▶ Exercise: In the records below, the relevant part opens with the line containing "Soovitus. Kui sa" and closes with the line containing "Басейн круглий з"; print that part exactly and only, without its pictures.

▶ Provided data:
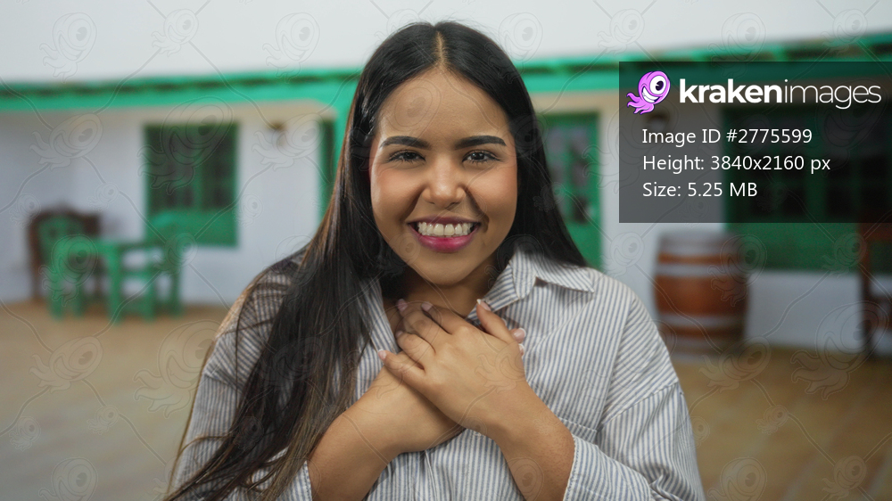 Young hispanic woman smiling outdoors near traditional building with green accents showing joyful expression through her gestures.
--
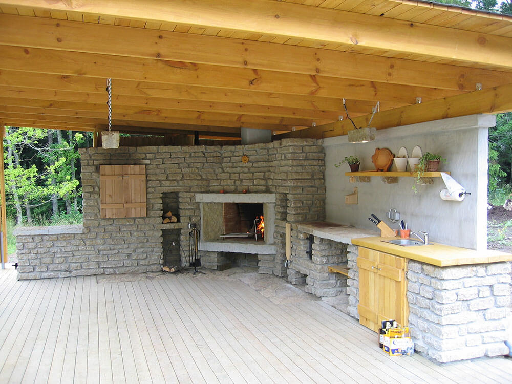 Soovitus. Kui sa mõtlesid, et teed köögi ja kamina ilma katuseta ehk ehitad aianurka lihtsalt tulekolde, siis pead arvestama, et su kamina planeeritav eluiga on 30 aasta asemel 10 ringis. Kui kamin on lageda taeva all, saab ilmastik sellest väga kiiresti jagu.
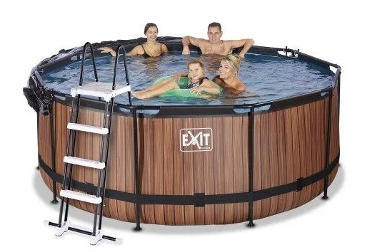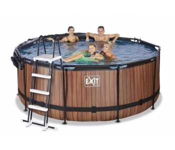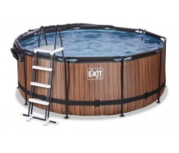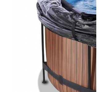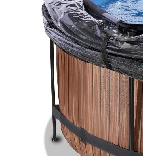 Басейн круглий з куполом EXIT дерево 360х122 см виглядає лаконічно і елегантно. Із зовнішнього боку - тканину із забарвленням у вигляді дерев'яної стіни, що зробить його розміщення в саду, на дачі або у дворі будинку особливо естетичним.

▶ Result:
 Soovitus. Kui sa mõtlesid, et teed köögi ja kamina ilma katuseta ehk ehitad aianurka lihtsalt tulekolde, siis pead arvestama, et su kamina planeeritav eluiga on 30 aasta asemel 10 ringis. Kui kamin on lageda taeva all, saab ilmastik sellest väga kiiresti jagu.
 Басейн круглий з куполом EXIT дерево 360х122 см виглядає лаконічно і елегантно. Із зовнішнього боку - тканину із забарвленням у вигляді дерев'яної стіни, що зробить його розміщення в саду, на дачі або у дворі будинку особливо естетичним.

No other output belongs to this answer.